Stable orbital integrals for classical Lie algebras and smooth integral models

TL;DR

This paper introduces a new stratification-based approach to describe stable orbital integrals for classical Lie algebras over non-Archimedean fields, providing explicit formulas, bounds, and conjectures on optimality.

Contribution

It offers a novel stratification and smoothing method for stable orbital integrals in classical Lie algebras, with explicit formulas and bounds, extending understanding across various types.

Findings

Closed formulas for certain low-rank cases

Lower bounds for all ranks n

Conjectures on optimality of bounds

Abstract

A main goal of this paper is to introduce a new description of the stable orbital integral for a regular semisimple element and for the unit element of the Hecke algebra in the case of $\mathfrak{gl}_{n,F}$, $\mathfrak{u}_{n,F}$, and $\mathfrak{sp}_{2n,F}$, by assigning a certain stratification and then smoothening each stratum, where $F$ is a non-Archimedean local field of any characteristic.
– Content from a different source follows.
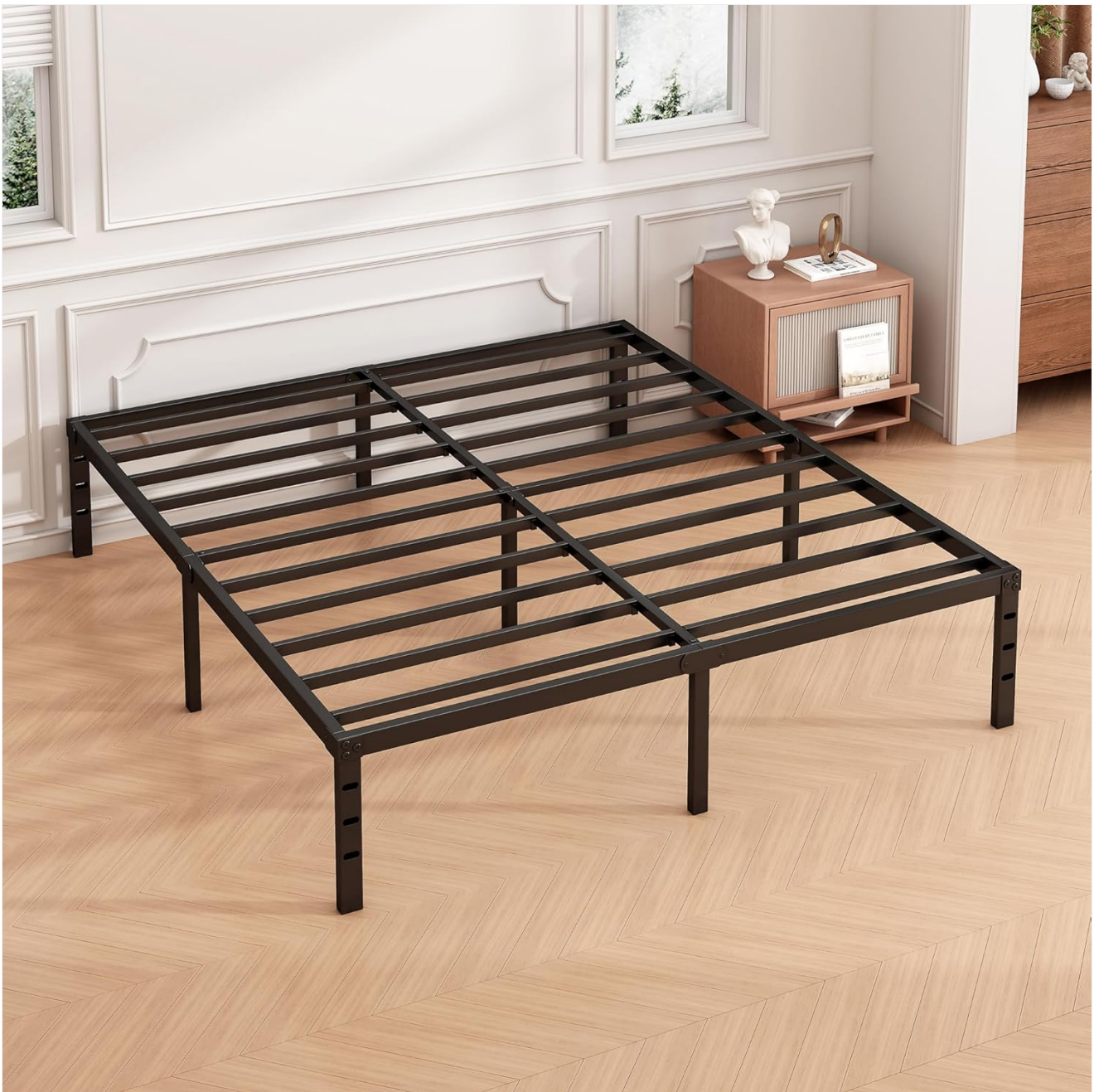
Image: Angled view of the bed frame structure, showing slat and leg connections.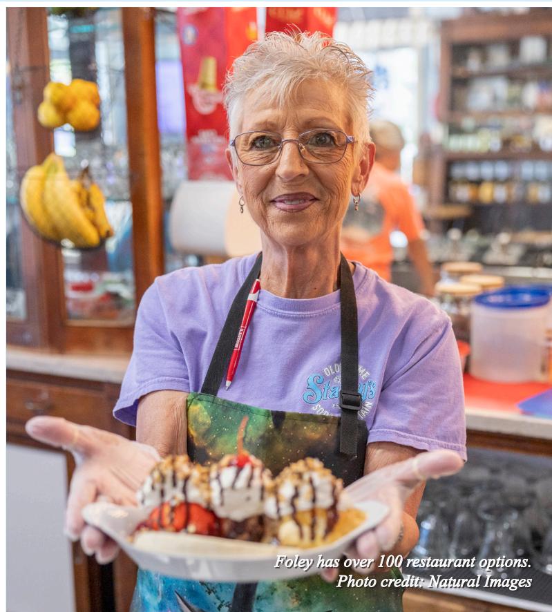
Foley has over 100 restaurant options.

After all public input and research is gathered, the mayor hopes the city can finalize its strategic plan by the summer. Among the top priorities, this plan will include four major projects that are currently in the works. The first consists of building a new $17 million state-of-the-art public works facility to replace the current

As applications, we will provide a closed formula for the stable orbital integral for $\mathfrak{gl}_{2,F}$, $\mathfrak{gl}_{3,F}$, and $\mathfrak{u}_{2,F}$. We will also provide a lower bound for the stable orbital integral for $\mathfrak{gl}_{n,F}$, $\mathfrak{u}_{n,F}$, and $\mathfrak{sp}_{2n,F}$ with all $n$. Finally we will propose conjectures that our lower bounds are optimal in a sense of the second leading term for $\mathfrak{gl}_{n,F}$ and the first leading term for $\mathfrak{u}_{n,F}$ and $\mathfrak{sp}_{2n,F}$. There is a restriction about the factorization of the characteristic polynomial arising from the parabolic descent when we work with $\mathfrak{u}_{n,F}$ and $\mathfrak{sp}_{2n,F}$, whereas this assumption does not appear in $\mathfrak{gl}_{n,F}$ case.